Graph RAG solves this by storing information as a knowledge graph where entities are nodes and relationships are edges.

Knowledge Graph Structure

text
Standard Vector RAG:
  Documents → Chunks → Embeddings → Vector DB
  Query → Similar chunks → LLM answers

Graph RAG:
  Documents → Entity extraction → Knowledge Graph
  Query → Graph traversal + vector search → LLM answers
text
Example Knowledge Graph:
  [Anthropic] --founded_by--> [Dario Amodei]
  [Anthropic] --created--> [Claude]
  [Claude] --is_a--> [LLM]
  [Dario Amodei] --previously_at--> [OpenAI]
  [OpenAI] --created--> [GPT-4]
  [GPT-4] --is_a--> [LLM]

Microsoft GraphRAG (Popular Implementation)

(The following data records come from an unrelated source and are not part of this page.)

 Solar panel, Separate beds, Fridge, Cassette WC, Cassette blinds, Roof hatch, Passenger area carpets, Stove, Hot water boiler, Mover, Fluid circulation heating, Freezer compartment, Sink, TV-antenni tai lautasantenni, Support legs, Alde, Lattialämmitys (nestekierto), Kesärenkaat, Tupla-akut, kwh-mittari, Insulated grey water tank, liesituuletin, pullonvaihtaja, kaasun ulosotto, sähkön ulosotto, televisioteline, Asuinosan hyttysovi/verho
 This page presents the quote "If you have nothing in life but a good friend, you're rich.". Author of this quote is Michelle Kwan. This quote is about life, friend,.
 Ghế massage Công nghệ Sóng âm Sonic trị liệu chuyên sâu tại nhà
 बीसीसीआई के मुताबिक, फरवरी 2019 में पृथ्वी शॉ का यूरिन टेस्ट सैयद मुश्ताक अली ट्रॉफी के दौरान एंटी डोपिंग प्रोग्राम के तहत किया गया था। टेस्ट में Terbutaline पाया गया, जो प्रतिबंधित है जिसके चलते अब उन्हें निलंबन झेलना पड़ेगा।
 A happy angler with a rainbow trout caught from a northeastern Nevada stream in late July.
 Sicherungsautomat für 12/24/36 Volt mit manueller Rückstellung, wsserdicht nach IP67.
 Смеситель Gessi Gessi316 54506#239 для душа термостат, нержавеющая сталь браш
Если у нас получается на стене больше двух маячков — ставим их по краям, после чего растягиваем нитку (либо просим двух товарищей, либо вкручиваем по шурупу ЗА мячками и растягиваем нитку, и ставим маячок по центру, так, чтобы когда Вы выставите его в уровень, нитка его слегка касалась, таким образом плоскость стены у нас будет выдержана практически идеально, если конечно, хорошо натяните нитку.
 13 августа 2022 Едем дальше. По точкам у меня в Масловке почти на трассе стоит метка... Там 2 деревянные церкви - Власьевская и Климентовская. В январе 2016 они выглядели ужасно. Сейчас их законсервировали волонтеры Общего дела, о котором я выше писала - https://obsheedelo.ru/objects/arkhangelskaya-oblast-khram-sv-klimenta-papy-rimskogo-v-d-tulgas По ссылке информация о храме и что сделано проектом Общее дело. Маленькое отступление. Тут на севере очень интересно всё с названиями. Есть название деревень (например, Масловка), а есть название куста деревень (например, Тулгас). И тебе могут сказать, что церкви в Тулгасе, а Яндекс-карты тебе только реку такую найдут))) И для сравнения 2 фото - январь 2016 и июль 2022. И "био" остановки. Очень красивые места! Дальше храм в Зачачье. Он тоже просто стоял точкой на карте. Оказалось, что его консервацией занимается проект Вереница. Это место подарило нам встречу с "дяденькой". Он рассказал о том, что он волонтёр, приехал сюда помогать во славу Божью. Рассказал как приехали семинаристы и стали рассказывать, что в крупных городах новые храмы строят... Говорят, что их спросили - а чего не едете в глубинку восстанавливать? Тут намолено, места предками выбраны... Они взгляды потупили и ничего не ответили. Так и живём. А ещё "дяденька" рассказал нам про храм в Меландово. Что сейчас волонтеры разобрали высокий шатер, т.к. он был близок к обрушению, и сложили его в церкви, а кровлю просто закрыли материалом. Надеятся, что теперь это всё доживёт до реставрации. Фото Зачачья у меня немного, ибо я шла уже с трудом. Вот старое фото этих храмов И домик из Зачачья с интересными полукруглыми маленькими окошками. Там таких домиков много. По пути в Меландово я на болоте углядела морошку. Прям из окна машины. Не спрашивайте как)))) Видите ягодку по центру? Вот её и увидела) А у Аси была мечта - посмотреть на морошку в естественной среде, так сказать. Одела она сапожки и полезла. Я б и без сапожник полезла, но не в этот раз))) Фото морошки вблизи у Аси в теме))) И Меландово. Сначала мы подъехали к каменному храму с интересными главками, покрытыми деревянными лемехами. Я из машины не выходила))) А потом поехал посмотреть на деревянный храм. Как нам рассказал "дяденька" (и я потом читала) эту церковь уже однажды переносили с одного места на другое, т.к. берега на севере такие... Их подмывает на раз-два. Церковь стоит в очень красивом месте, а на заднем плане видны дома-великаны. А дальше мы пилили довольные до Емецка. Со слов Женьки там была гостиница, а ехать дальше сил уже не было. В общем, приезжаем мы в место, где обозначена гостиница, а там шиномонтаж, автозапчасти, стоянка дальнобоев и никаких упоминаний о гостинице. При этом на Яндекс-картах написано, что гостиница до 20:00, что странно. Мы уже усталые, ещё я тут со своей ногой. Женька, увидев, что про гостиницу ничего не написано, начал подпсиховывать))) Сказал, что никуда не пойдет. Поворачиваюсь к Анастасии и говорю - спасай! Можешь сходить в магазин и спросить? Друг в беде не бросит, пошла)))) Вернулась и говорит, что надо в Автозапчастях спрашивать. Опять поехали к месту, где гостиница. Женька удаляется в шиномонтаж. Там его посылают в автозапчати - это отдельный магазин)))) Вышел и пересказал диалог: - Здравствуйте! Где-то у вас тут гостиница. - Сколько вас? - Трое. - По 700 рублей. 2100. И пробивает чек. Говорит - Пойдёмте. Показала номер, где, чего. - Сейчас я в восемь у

Microsoft released GraphRAG as an open-source library:

bash
pip install graphrag
python
# GraphRAG workflow
from graphrag.index import create_pipeline_config
from graphrag.index.run import run_pipeline_with_config

# 1. Indexing: extract entities and relationships from documents
await run_pipeline_with_config(
    config=create_pipeline_config(
        input_dir="./documents",
        output_dir="./graphrag_output",
        llm_model="gpt-4o"
    )
)

# 2. Query: uses both global (graph) and local (vector) search
from graphrag.query.indexer_adapters import read_indexer_entities
from graphrag.query.llm.oai.chat_openai import ChatOpenAI

# Local search (specific entity questions)
result = await local_search.asearch(
    "What are Anthropic's main AI safety initiatives?"
)

# Global search (broad thematic questions)
result = await global_search.asearch(
    "What are the major themes in AI safety research?"
)

Building a Simple Graph RAG

python
import networkx as nx
from anthropic import Anthropic
import chromadb

client = Anthropic()

class SimpleGraphRAG:
    def __init__(self):
        self.graph = nx.DiGraph()
        self.vector_db = chromadb.Client().create_collection("docs")

    def add_document(self, doc_id: str, text: str):
        # 1. Extract entities and relationships using LLM
        extraction = client.messages.create(
            model="claude-opus-4-6",
            max_tokens=512,
            messages=[{"role": "user", "content":
                f"Extract entities and relationships from this text as JSON. "
                f"Format: {{entities: [], relationships: [[entity1, relation, entity2]]}}\n\n{text}"}]
        )
        import json
        data = json.loads(extraction.content[0].text)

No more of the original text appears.